In the broader scheme of things, there are several avenues for further research beyond this thesis. Blixen’s fiction brings the complexities of new materialism to the forefront in a particularly attuned manner. As I took the intersection of new materialism and ecocriticism as a starting point in this thesis, but mainly focused on new materialism, possibilities for developing a more material ecocriticism could be investigated in an extended project. This particular reading of Blixen’s writing has
55
shown how discursive and material processes can be brought together, but the materiality has been particularly stressed. While ecocriticism is explicitly concerned with the intersections of literature and nature, the possibilities of further developing new materialism in relation to literature is another exciting prospect to consider. The lack of a previous study on Blixen in relation to new materialism and ecocriticism, also shows the importance of developing the readings carried out in these thesis, both with regard to her memoirs but also with regard to her other works. Furthermore, the various genres Blixen works with could be problematized to highlight the various ways in which
Blixen’s ideology and ethical development are presented differently depending on the format she uses.

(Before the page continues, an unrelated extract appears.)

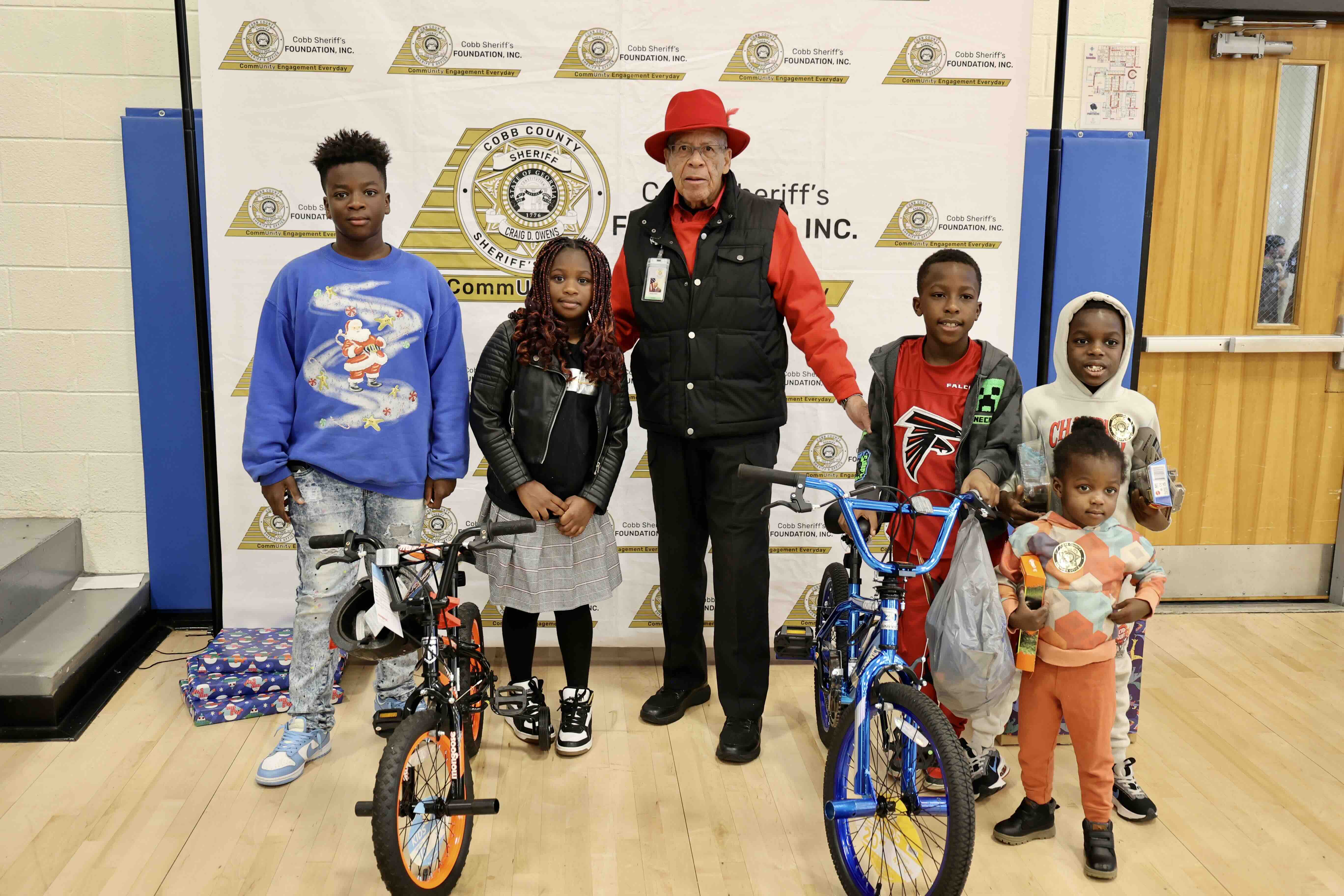 Bike raffle winners celebrate with Mr. Robert Haley, founder and executive director of the Cobb Sheriff’s Foundation, at the 2025 Santa on Wheels event.
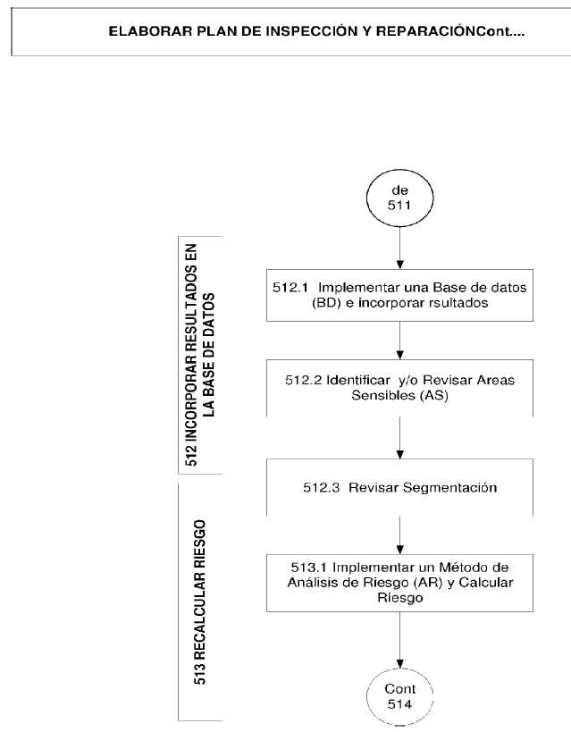 512 INCORPORAR RESULTADOS EN LA BASE DE DATOS 512.1 Implementar una Base de Datos (BD) e incorporar los datos y resultados Los datos constructivos de los tramos, los resultados de las inspecciones, los resultados de las evaluaciones directas, las conclusiones de las reparaciones, los informes de falla, los datos medioambientales y su sensibilidad, los datos de población deberán ser integrados, contenidos y actualizados en forma continua, en una única base de datos. Para los operadores que no tengan desarrollado una base de datos consistente al nivel de las exigencias del PGI se propone el uso de los formatos estandarizados a nivel internacional, compatibles con los programas comerciales de Análisis de Riesgo (AR) y con los GIS (Global Information System). Los operadores que ya cuenten con una Base de Datos (BD) consistente y acorde a las exigencias del PGI exigido por el presente Reglamento, podrán seguir utilizándola, previa demostración de su aptitud para el análisis y soporte de los datos. 512.2 Identificar y / o revisar las Areas Sensibles (AS) El operador identificará las Areas Sensibles (AS) por donde cruzan los cañerías. Asimismo, debe implementar un proceso para determinar y revisar cuales son los tramos que pueden afectar dichas Areas Sensibles (AS). La revisión deberá focalizarse en los cambios poblacionales y/o geomorfológicos y conclusiones que pueda obtener en base a la mejora del conocimiento de la traza de las cañerías. 512.3 Revisar Segmentación El operador deberá revisar la segmentación en tramos de acuerdo a las modificaciones a las instalaciones, a la información referente a las Areas Sensibles (AS), o por decisión de optimizar el proceso. Si se optara por una nueva segmentación, deberá ser incorporada en el PGI. 513 RECALCULAR EL RIESGO 513.1 Implementar un método de Análisis de Riesgo (AR) y calcular Riesgo El operador debe seleccionar e implementar un método de Análisis de Riesgo (AR) apropiado para su sistema y el PGI. En esta etapa debe seleccionar un método que permitirá al menos: · Analizar e integrar la información de las evaluaciones e inspecciones.· Analizar e integrar la información correspondiente a las Areas Sensibles (AS).· Analizar las consecuencias potenciales de un derrame, sobre las personas y el ambiente en función del tipo de producto y características de diseño y operación del tramo.· Calcular el riesgo como el producto de una probabilidad de falla multiplicado por una valoración de las consecuencias.· Administrar y presentar la información de salida (resultados) en forma analítica y gráfica.· Importar los datos de las instalaciones, inspecciones, coordenadas, etc. de la Base de Datos (BD).· Exportar las salidas de las corridas del Análisis de Riesgo (AR) permitiendo la trazabilidad de los datos utilizados como reales y los datos supuestos para la generación de escenarios de análisis.· Se deben considerar todas las amenazas posibles para cada tramo en el proceso del Análisis de Riesgo (AR), y en el evaluación de las consecuencias considerar el tipo de producto transportado.· El Análisis de Riesgo (AR) debe ser conducido para cada uno de los tramos incluidos en el alcance de este Reglamento.En cada ciclo el operador deberá evaluar las salidas del Análisis de Riesgo (AR) con el objetivo de establecer las bases técnicas y prioridades para la elaboración y actualización del Plan de Inspección (PI) y del Plan de Colección y Mejora de Datos (PCyMD). En base a la experiencia del personal técnico y especialistas, se ponderarán las conclusiones que surjan del Análisis de Riesgo (AR). Una vez que ha alcanzado cierta madurez la Base de Datos (BD) y los algoritmos de ponderación, el Análisis de Riesgo (AR) es una herramienta que permite tener una visión global del estado de riesgo del sistema, sin embargo no libera al operador de la responsabilidad de revisar las salidas del Análisis de Riesgo (AR), permitiendo así el uso del sentido común y las buenas reglas de la ingeniería. Una vez actualizada la base Base de Datos (BD) se realizará una corrida del Análisis de Riesgo (AR) y con los resultados de la misma se priorizarán nuevamente los tramos según su riesgo global. Se deberá revisar con la nueva información disponible la aplicabilidad de las amenazas para cada tramo, en los casos que corresponda. El operador decidirá qué tipo de Análisis de Riesgo (AR) desea implementar, cualitativo (basado en comparaciones relativas) o cuantitativo (basado en probabilidades concretas de falla y en alcances de consecuencias simuladas). Cada uno trae aparejado sus características, un análisis cualitativo permitirá priorizar los segmentos en cuanto al riesgo global (ponderando cada una de las amenazas y escenarios de consecuencias), mientras que uno cuantitativo le permitirá calcular la probabilidad de que un defecto —del cual se conocen detalladamente sus características— produzca una falla. En el análisis cuantitativo se requiere de más y mejor información, mayor precisión en la integración de los datos, mejor capacitación del personal a cargo de realizar las tareas de evaluación de los defectos, de la cartografía y del software del Análisis de Riesgo (AR) adoptado. A cambio de estas mayores exigencias podrá administrar situaciones de mayor compromiso en lo referente a la integridad del sistema.

In relation to the colonialism in Out of Africa and Shadows on the Grass , an attempt at thinking of embodied aspects of these colonial processes through the concept of belonging is not uncontroversial. Nevertheless this belonging opens for a possibility of thinking of neo-colonial processes in the era of globalization where the local is always global. Moreover, capitalist imperialism can often be seen as detached from local processes that influence the everyday lives. This is aspect ties in with Blixen’s writing–– as the belonging and co-existence appears central in her writing––and suggests new ways of thinking about pollution and land appropriation in contemporary society.
Additionally, in talking about the environmental humanities, it appears almost impossible not to mention the concept of the Anthropocene. The Anthropocene is a new geological age that many scholars argue should replace the age of the Holocene.
The basic notion of the Anthropocene is that humanity is now influencing the ecological processes on earth to the same extent that nature influences us. In that sense, the Anthropocene is tightly tied to processes of globalization and belonging, and could broaden the understanding and implications of the literary text, particularly in the case of Karen Blixen’s trans-national ecology.